Your objective — Produce a word-for-word copy of the line that contains "C(突击步枪)、XMG(轻机枪)、SWAT 556(精确射手步枪)、ASG-98(霰弹枪)、FFAR 1(突击步枪)、Model" and each line after it through the end of the material, omitting pictures and all other lines.

Data below —

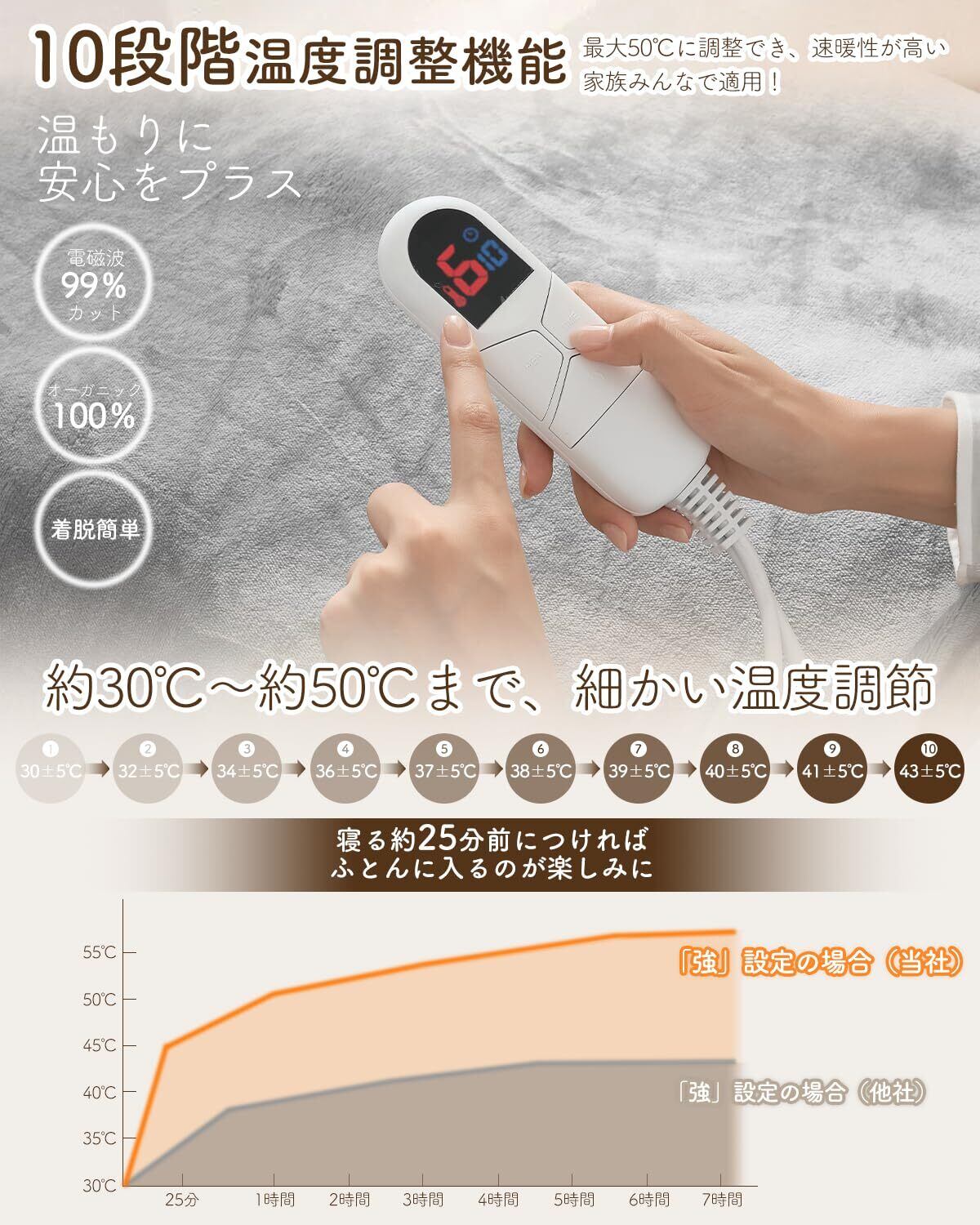 【10段階温度調節・切タイマー機能】好みに合わせて温度を調整できるので、自分の体温や周りの気温に合わせて、快適な温度に設定できます。
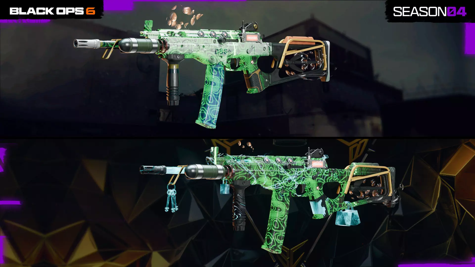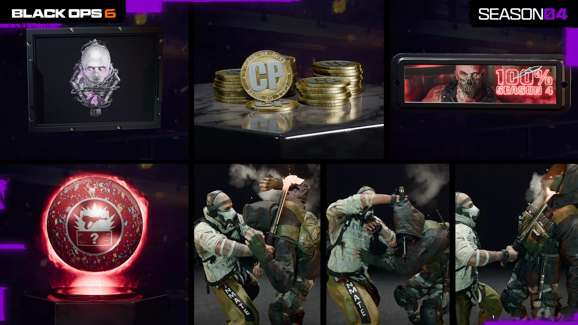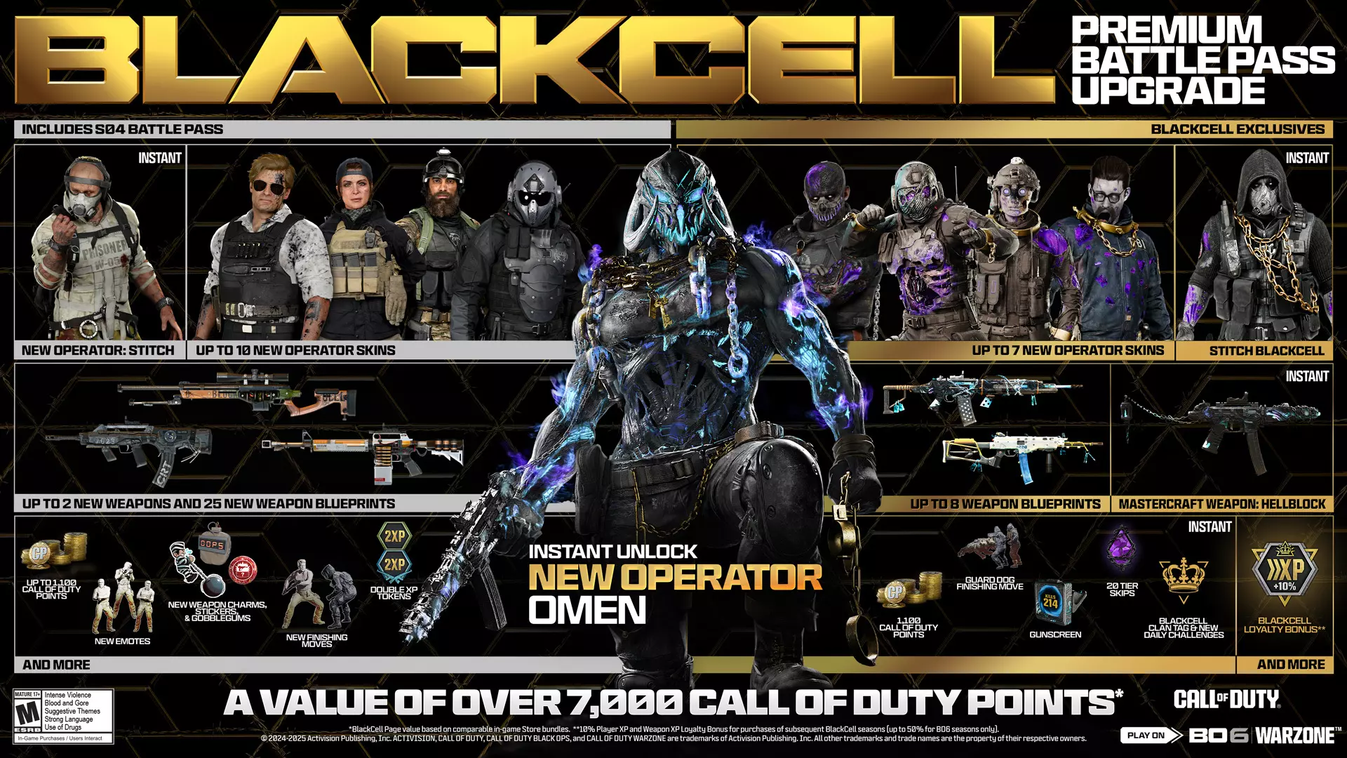 1100点使命召唤点数 20个战斗通行证等级跳级 “预兆”黑Cell干员及皮肤 10%经验值加成 Ladra冲锋枪的“地狱区块”大师级蓝图 “看门狗”同伴终结技 “击杀计数”枪械屏幕 “黑Cell”战队标签(在大厅和胜利结算界面展示) 黑Cell忠诚奖励 黑Cell所有者还可在第04赛季战斗通行证中解锁一页又一页的额外奖励,包括: 七款黑Cell专属皮肤: stitch(两款)、Bailey、Payne、Caine、Brutus和Adler 七款黑Cell专属武器蓝图:Krig C(突击步枪)、XMG(轻机枪)、SWAT 556(精确射手步枪)、ASG-98(霰弹枪)、FFAR 1(突击步枪)、Model L(突击步枪)、LC10(冲锋枪) 完全完成第四赛季黑色战阶的玩家可获得超过130项物品奖励(与战斗通行证和黑色战阶相关)。 购买战斗通行证后升级至黑色战阶的玩家还将获得1100点使命召唤点数返还。 黑色战阶每日挑战:拥有黑色战阶的玩家在第四赛季期间将获得额外的每日挑战,涵盖多人对战、僵尸模式以及《使命召唤:战区》,让你在游戏过程中有更多机会获取经验值! 黑色战阶忠诚奖励:后续购买黑色战阶赛季可获得10%的经验值和武器经验值忠诚奖励(仅《使命召唤:黑色行动6》赛季最高可达50%)。 购买战斗通行证:立即解锁“缝合者”干员
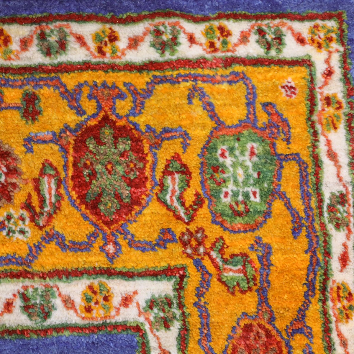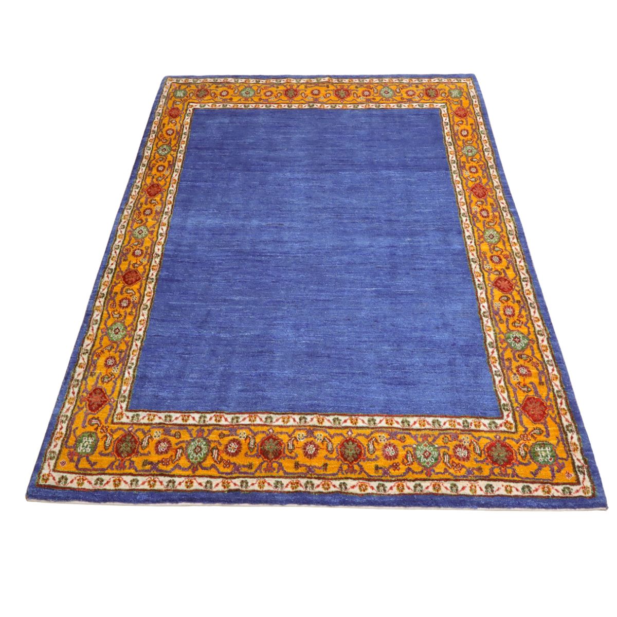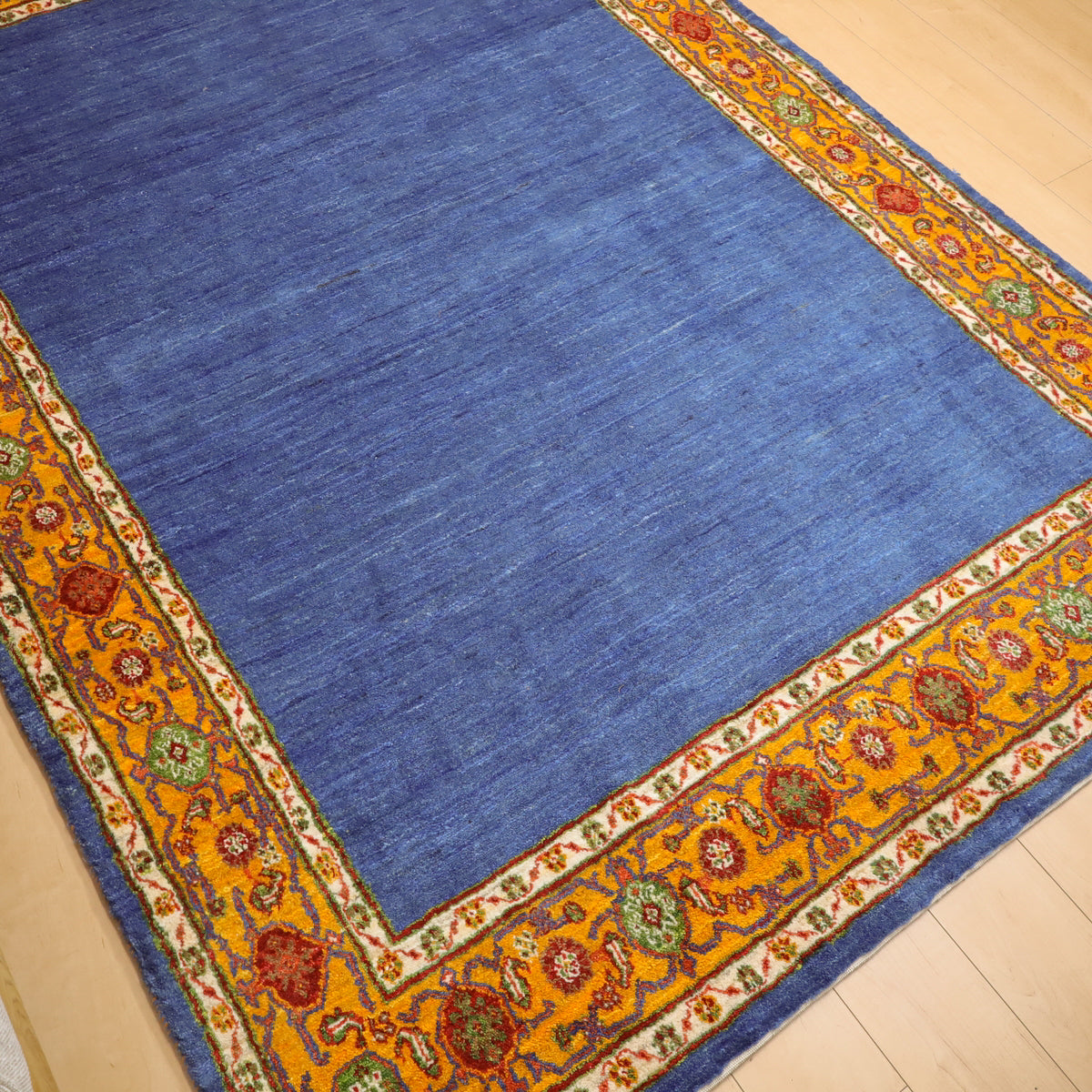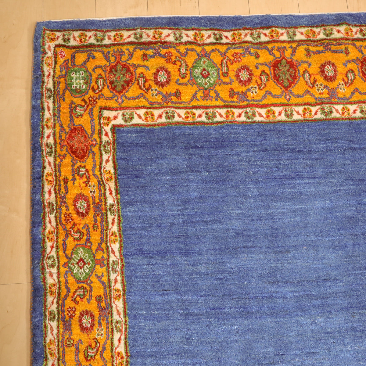 濃い藍色には濃淡の細かなグラデーションが入って色の揺らぎが味わえます。山吹色で周囲を囲むルリバフの伝統柄は丁寧に織り込まれ、ダークな寒色に温かみを添えます。どの方向から見ても美しく見え、センターテーブルを置いてもおさまりの良い使いやすいデザインです。シンプルでありながら存在感のある上品なギャッベです。

Solution to this problem —
 1100点使命召唤点数 20个战斗通行证等级跳级 “预兆”黑Cell干员及皮肤 10%经验值加成 Ladra冲锋枪的“地狱区块”大师级蓝图 “看门狗”同伴终结技 “击杀计数”枪械屏幕 “黑Cell”战队标签(在大厅和胜利结算界面展示) 黑Cell忠诚奖励 黑Cell所有者还可在第04赛季战斗通行证中解锁一页又一页的额外奖励,包括: 七款黑Cell专属皮肤: stitch(两款)、Bailey、Payne、Caine、Brutus和Adler 七款黑Cell专属武器蓝图:Krig C(突击步枪)、XMG(轻机枪)、SWAT 556(精确射手步枪)、ASG-98(霰弹枪)、FFAR 1(突击步枪)、Model L(突击步枪)、LC10(冲锋枪) 完全完成第四赛季黑色战阶的玩家可获得超过130项物品奖励(与战斗通行证和黑色战阶相关)。 购买战斗通行证后升级至黑色战阶的玩家还将获得1100点使命召唤点数返还。 黑色战阶每日挑战:拥有黑色战阶的玩家在第四赛季期间将获得额外的每日挑战,涵盖多人对战、僵尸模式以及《使命召唤:战区》,让你在游戏过程中有更多机会获取经验值! 黑色战阶忠诚奖励:后续购买黑色战阶赛季可获得10%的经验值和武器经验值忠诚奖励(仅《使命召唤:黑色行动6》赛季最高可达50%)。 购买战斗通行证:立即解锁“缝合者”干员
 濃い藍色には濃淡の細かなグラデーションが入って色の揺らぎが味わえます。山吹色で周囲を囲むルリバフの伝統柄は丁寧に織り込まれ、ダークな寒色に温かみを添えます。どの方向から見ても美しく見え、センターテーブルを置いてもおさまりの良い使いやすいデザインです。シンプルでありながら存在感のある上品なギャッベです。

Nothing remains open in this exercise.